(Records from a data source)
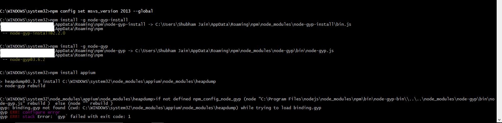gyp失败,退出代码:1,gyp!堆栈在Files\nodejs\node_modules\npm\node_modules\node-gyp\lib\configure.js:305:16) ChildProcess.onCpExit (C:\Program )在emitTwo (events.js:106:13)健身房堆放错误!在ChildProcess.emit (events.js:191:7)健身房堆放错误!堆栈在Process.ChildProcess._handle.onexit (内部/子流程.12:215:12)系统Windows_NT 10.0.15063!命令“C:\ Files\nodejs\node.exe”"C:\Program Files\nodejs\node.exe“"rebuild”gyp!cwd C:\WINDOWS\system32\node_modules\appium\node_modules\heapdump绞车!节点-v v6.11.0gyperr!节点- -v v3.4.0gyp错误!不确定C:\WINDOWS\system32 32‘- appium@1.7.1
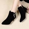 Women's Soft Leather Mid-Calf Chunky Heel Chelsea Boots for Spring and Autumn
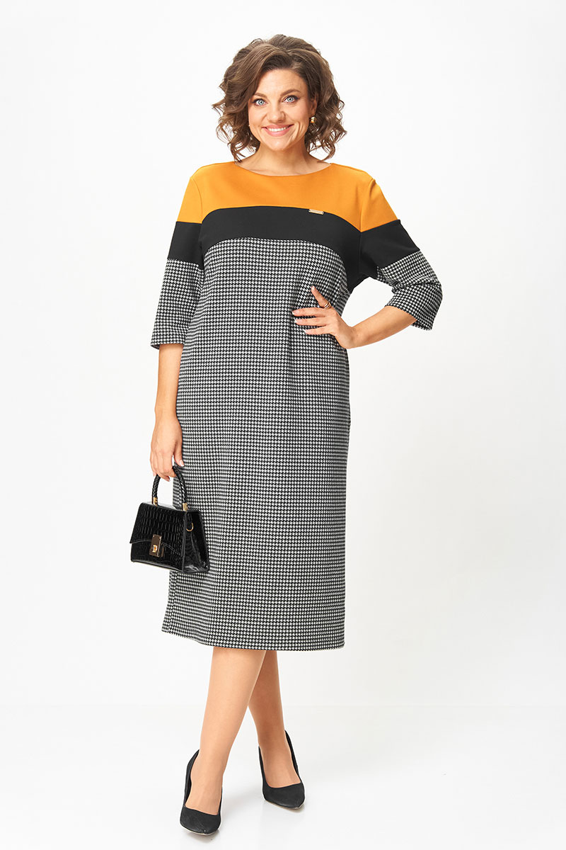 Это платье создано для женщин, которые выбирают комфорт и элегантность каждый день. Плотный трикотаж высокого качества мягко обнимает фигуру, не теряя форму, не вытягивается и не просвечивает. Контрастное сочетание горчичного, чёрного и классического принта “гусиная лапка” визуально стройнит и освежает образ. Рукав ¾ и длина миди делают модель практичной и универсальной — удобно и в офисе, и на прогулке, и на встрече.
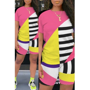 Lovely Leisure Color-lump Patchwork Pink Two-piece Shorts Set
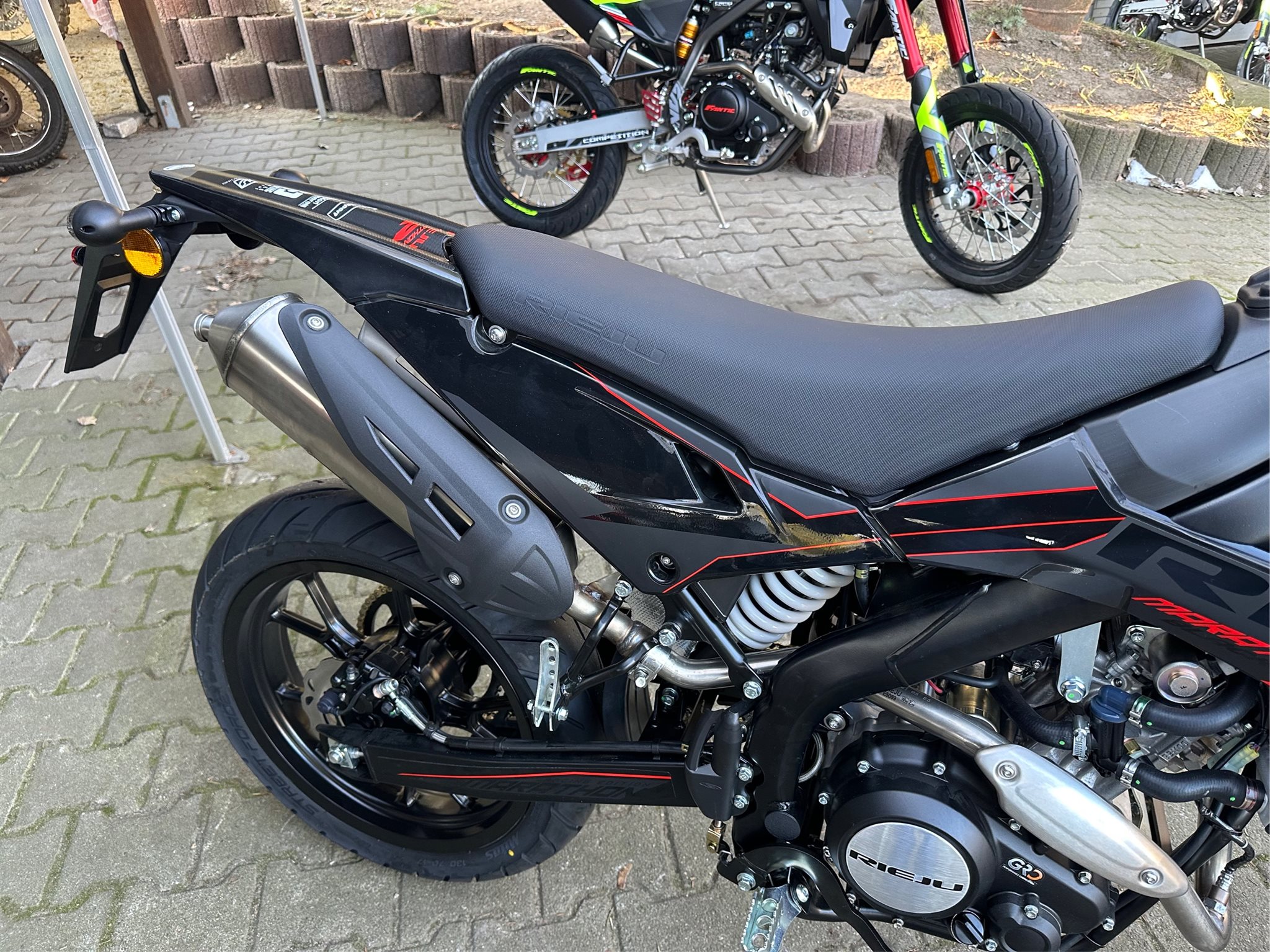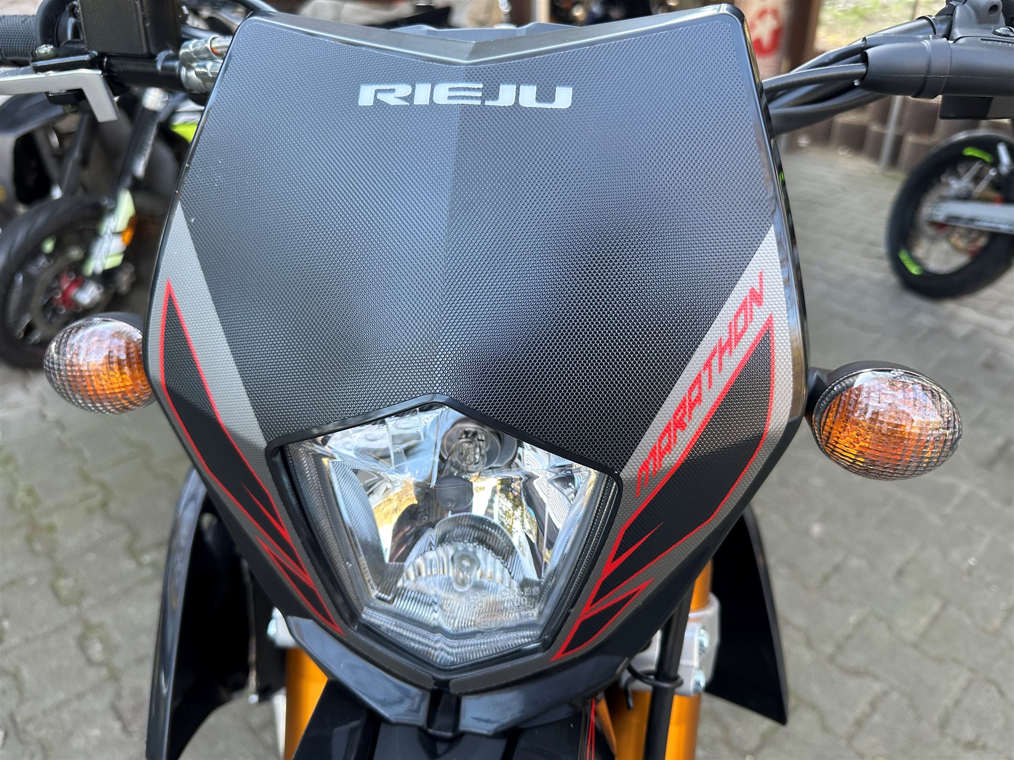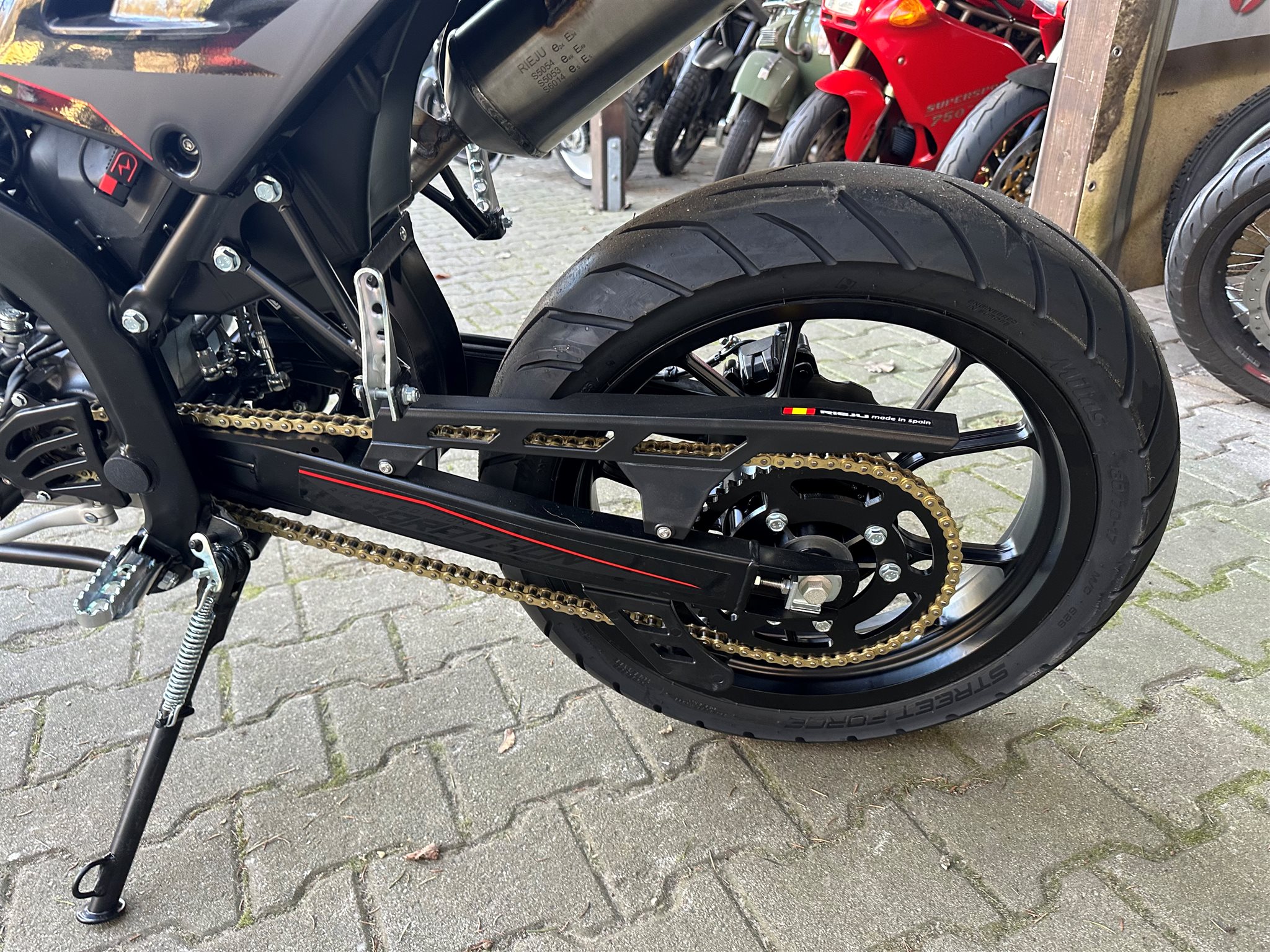 Hier bieten wir die sehr schicke Rieju Marathon 125 Supermoto mit Euro 5+ in der Farbe schwarz an. Ausgestattet mit dem gierigen Minarelli Motor und einem CBS Bremssytem ( Beim bremsen vorn 70% Bremskraft & hinten 30% Bremskraft ) für ihre Sicherheit!

[What needs to be done]: Your task is to return the lines above, from the first one up to and including the line containing "Lovely Leisure Color-lump", minus any pictures.

[Response below]:
gyp失败,退出代码:1,gyp!堆栈在Files\nodejs\node_modules\npm\node_modules\node-gyp\lib\configure.js:305:16) ChildProcess.onCpExit (C:\Program )在emitTwo (events.js:106:13)健身房堆放错误!在ChildProcess.emit (events.js:191:7)健身房堆放错误!堆栈在Process.ChildProcess._handle.onexit (内部/子流程.12:215:12)系统Windows_NT 10.0.15063!命令“C:\ Files\nodejs\node.exe”"C:\Program Files\nodejs\node.exe“"rebuild”gyp!cwd C:\WINDOWS\system32\node_modules\appium\node_modules\heapdump绞车!节点-v v6.11.0gyperr!节点- -v v3.4.0gyp错误!不确定C:\WINDOWS\system32 32‘- appium@1.7.1
 Women's Soft Leather Mid-Calf Chunky Heel Chelsea Boots for Spring and Autumn
 Это платье создано для женщин, которые выбирают комфорт и элегантность каждый день. Плотный трикотаж высокого качества мягко обнимает фигуру, не теряя форму, не вытягивается и не просвечивает. Контрастное сочетание горчичного, чёрного и классического принта “гусиная лапка” визуально стройнит и освежает образ. Рукав ¾ и длина миди делают модель практичной и универсальной — удобно и в офисе, и на прогулке, и на встрече.
 Lovely Leisure Color-lump Patchwork Pink Two-piece Shorts Set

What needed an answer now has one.